Example: Multiple behavioral specialists may observe a group of children playing to determine their social and emotional development and then compare notes to check for inter-rater reliability.

4. Internal consistency reliability

There are two typical ways to check for internal consistency reliability in your research, which generally involves making sure your internal research methods or parts of research methods deliver the same results. One of those techniques is split-half reliability, and you can perform this test by splitting a research method, like a survey or test, in half, delivering both halves separately to a sample group and comparing the results to ensure the method can produce consistent results. If the results are consistent, then the results of the research method are likely reliable.

The other internal consistency test checks for average inter-item reliability. With this assessment, you administer sample groups multiple testing items, like with parallel forms reliability testing, and calculate the correlation between the results of each of the method results. With this information, you calculate the average and use the number to determine if the results are reliable.

Example: You may give a company's cleaning department a questionnaire about which cleaning products work the best, but you split it in half and give each half to the department separately and calculate the correlation to test for split-half reliability.

Later, you interview the members of the cleaning department, then bring them into small focus groups and observe them at work to determine which cleaning products get the most use and which people like best.
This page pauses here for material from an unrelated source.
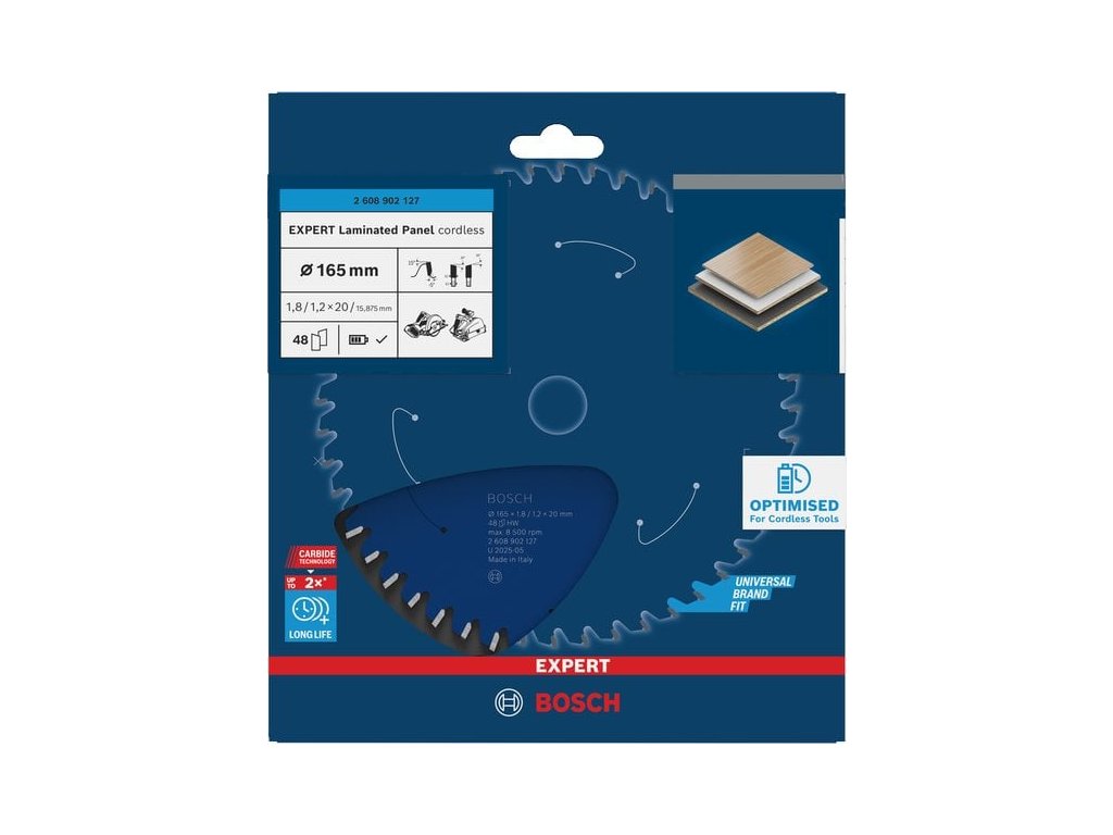BOSCH Pilový kotouč EXPERT Laminated Panel cordless, 165 × 1,8/1,2 × 20 mm, T48 (2.608.902.127)

You calculate the correlation between these answers and average the results to find the average inter-item reliability.

Related: What a Researcher's Work Is and How To Become One

Tips for testing the reliability of research methods

As you do research and review the results, consider the following tips for testing the reliability of your research methods and ensuring you have consistency in your work:

  • Plan ahead. Planning is a key step for most scientific experiments, so try to plan your research methods and studies in advance to ensure you and your team are prepared. You may plan for a space to conduct research with your sample group, how you can distribute testing materials or criteria and how to describe the purpose of the research to participants.
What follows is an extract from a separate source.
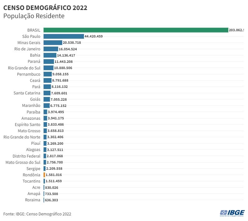 Os primeiros resultados do Censo Demográfico 2022, divulgados na última quarta-feira (28), mostram que Rondônia tem 1.581.016 habitantes, 18.607 pessoas a mais que o apontado no Censo Demográfico 2010, representando um aumento de 1,2% entre as duas operações censitárias. Em todo o Brasil, foram contadas 203.062.512 pessoas.

  • Make note of the environment. If you're conducting research with the same sample group multiple times, it's often a good idea to make a note of what the environment is like when the group undergoes testing. This is because certain factors, like whether it's raining, the room is cold or someone is coughing, can influence the group's willingness to participate fully.
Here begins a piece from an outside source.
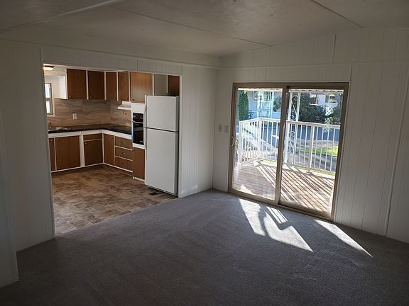 **CHECK OUT OUR VIRTUAL TOUR VIDEO LINK UNDER THE INTERIOR DETAILS!** Move into this wonderful home in a beautiful park with friendly people and a great central location to all Eugene (and Springfield) has to offer, it can be yours before the new year! This recently remodeled 2 Bedroom, 1 Bathroom 800 square foot mobile home has been updated throughout and is move-in ready today! This listing is for mobile home only and is being sold for cash with no seller financing or rent to own options available. Call Roy at #541-632-4329 to set up a time to view this for sale by owner home. The entire house has been upgraded giving it a new feel! The following updates have been completed in natural warm colors: The Kitchen has newly updated counters, new dual tub stainless steel sink w/faucet, new black glass stovetop, new in wall convection oven, beautiful backsplash and new vinyl floors. Refrigerator is also included. The Bathroom has been updated with paint, updated countertops, sink, bathtub with new hardware, new toilet, and new vinyl floors. Full size Washer and Dryer included. The entire interior of the house has been freshly painted throughout. The remaining rooms have new plush, soft, light grey carpet installed. All hardware and light fixtures throughout the house are matching and give this home a new updated look! The living room has vaulted ceilings, a 40 sq foot extra addition, and many windows allowing in lots of natural light! The master bedroom is large with 2 closets and 2 windows. Other amenities included in this house are: Close to shopping, restaurants, gym, and bus lines! Updated Vinyl Windows Locking Metal Shed 6.5 ft X 8 ft Large Covered Front Porch with deck Covered Carport (Covered area is 25 ft. long, 15 ft. wide, and 9.5 ft tall) You can fit 3 cars in your long driveway! Covered Back Deck Sprinkler System - In Ground This mobile home is located in the quiet safe neighborhood of Falcon Wood Village Park where monthly space rent is currently $715 plus water, sewer, and garbage/recycling. This 55 and over park is full of friendly people who wave as you drive by giving you a feel of community and how neighborhoods used to be. This park is located near the water's edge, under a canopy of beautiful large trees and includes many of the following amenities with your monthly dues: Resident Owned and Planned Community Social Activities Card games Coffee and Doughnuts (Thursday Mornings) Crafts Holiday Celebrations! Recreational Clubhouse Facilities (available for tenants to hold events) TV in club house that has sports channels! Swimming Pool/hot tub(seasonal) with common area and available Grill and fire pit for use! Library Billiard Room Off-Street Parking Boat/RV Storage Waterfront Park with limited Access to Water for Tenants Covered Car Wash Station available for tenants On-Site Staff

  • Consider the participants. As you create your research materials, remember to consider how your sample group might respond to and understand the materials you present to them. For example, a group of children may need a simple set of survey questions read to them, while a group of adults could likely read more complicated questions themselves.

  • Review results thoroughly. While comparing the results of your research, review the results thoroughly to make sure you catch any errors and accurately determine the reliability of the results. You may even ask a colleague to examine the results with you and offer their opinion on the reliability of the data gathered by your research methods.

  • Think about the type of research. Different types of research may benefit from certain reliability tests more than others because each field of research measures different things. In marketing, you may regularly use various focus groups to determine a product's appeal, while a sociologist might observe behavior and compare notes regularly to get various professional opinions on a matter.